Если бы не хлопоты по журналу (письмо Тургенева застало его в «самое хлопотливое и тугое время»), он бы, вероятно, гораздо раньше конца июня сумел получить разрешение на выезд и оформить заграничный паспорт; но, даже и получив искомое разрешение, ему пришлось изыскивать «экстренных» денег, так как своих, то есть журнальных, уже не было. Касса

«Времени» оказалась пуста. «Во-1-х, журнала нет, а во-вторых (признаться искренно), он (М. М. Достоевский. — Л. С.) совершенно разорен запрещением журнала, и семейство его должно почти пойти по миру. И потому не будьте в претензии на нас», — извинялся за брата перед Тургеневым Достоевский; просить денег на поездку, за неимением иных кредиторов, пришлось у Литературного фонда.

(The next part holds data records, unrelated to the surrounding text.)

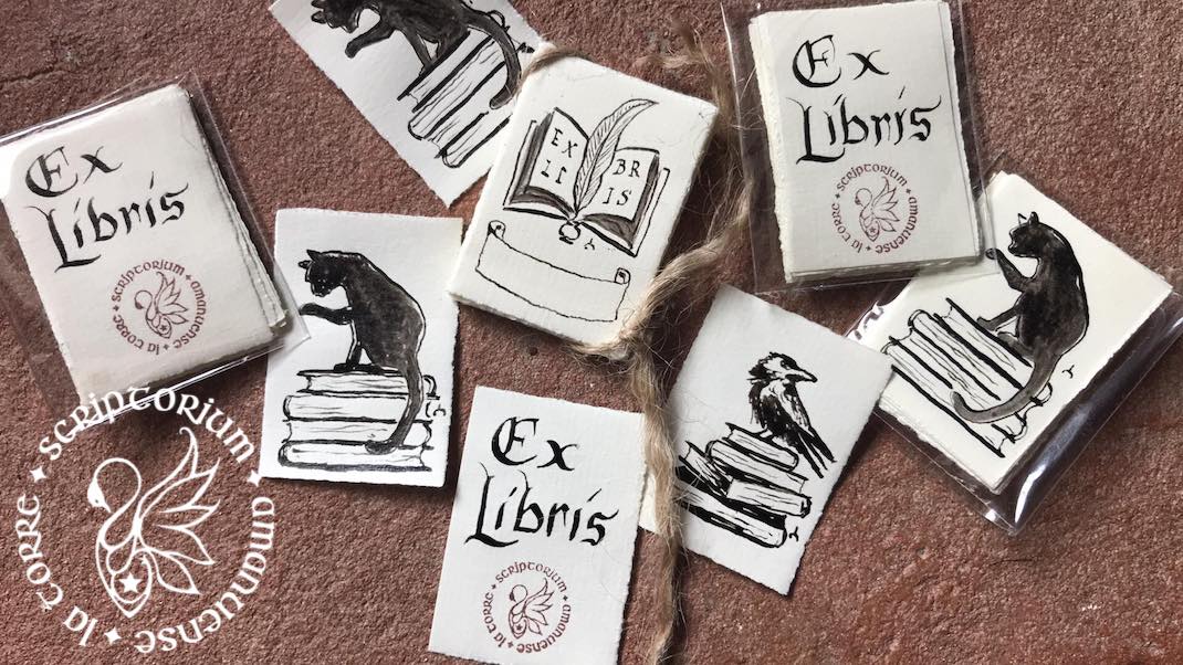 Gatto sui libri - confezione di 20 Ex Libris decorati e scritti a mano a pennino ed inchiostro - (ID# SCO02) per personalizzazioni CONTATTA DenebL'Ex Libris è il modo più elegante ed esclusivo per personalizzare i propri libri e non solo: anche quaderni, agende, diari, scatole, corrispondenza, inviti...ecc saranno contraddistinti in modo originale e con un tocco di prestigio. Col termine Ex libris (che in latino sta per 'dai libri') ci si riferisce ad un'etichetta, solitamente ornata da una rappresentazione grafica, talvolta accompagnata da un breve scritto, che si applica su un libro per indicarne il proprietario. L'Ex Libris ha origini molto antiche: normalmente intagliato su una matrice di legno per poter essere stampato con la xilografia su un piccolo supporto di carta pregiata.....
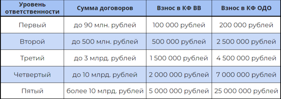 Всего существует 5 уровней ответственности. И каждому уровню соответствует определенная сумма заключаемых договоров.
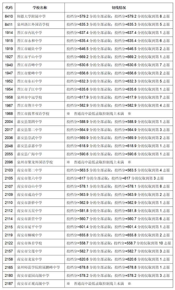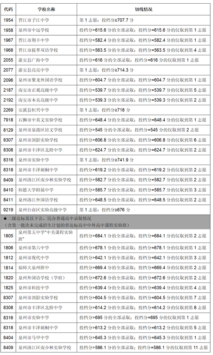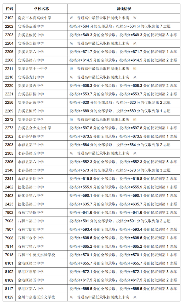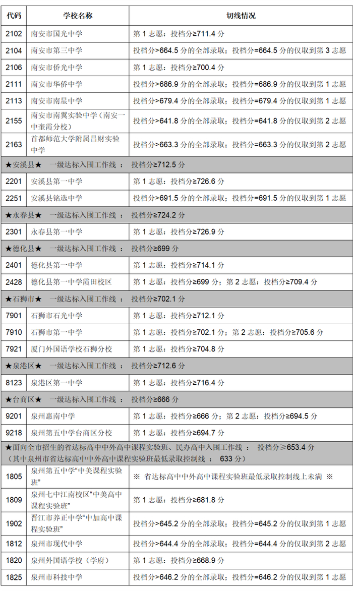泉州市普通高中最低录取控制线为:532分。第一批次省达标高中中外高中课程实验班最低录取控制线为:633分。第一批次面向全市招生的民办高中入围工作线为653.4分。

Очевидно, что Ф. М. — несмотря на осложнения и препятствия — рвался уехать. «Собираясь отправиться на три месяца за границу для поправления моего здоровья и для совета с европейскими врачами-специалистами о падучей моей болезни, я прибегаю к помощи Общества для пособия нуждающимся литераторам и ученым и прошу из капитала Общества себе взаймы, до 1-го февраля будущего 1864-го года, тысячу пятьсот рублей серебром, без которых я, по обстоятельствам моим, никаким образом не могу двинуться с места». За 1500 рублей, которые ему давали в долг, он готов был расплатиться по самой высокой ставке, передавая обществу, в случае болезни или смерти, вечное право на владение и издание своих сочинений. В конторе маклера Ф. М. подписал обязательство вернуть долг к 1 февраля 1864 года — в противном случае (или в случае смерти) права на все им написанное переходили к Литературному фонду.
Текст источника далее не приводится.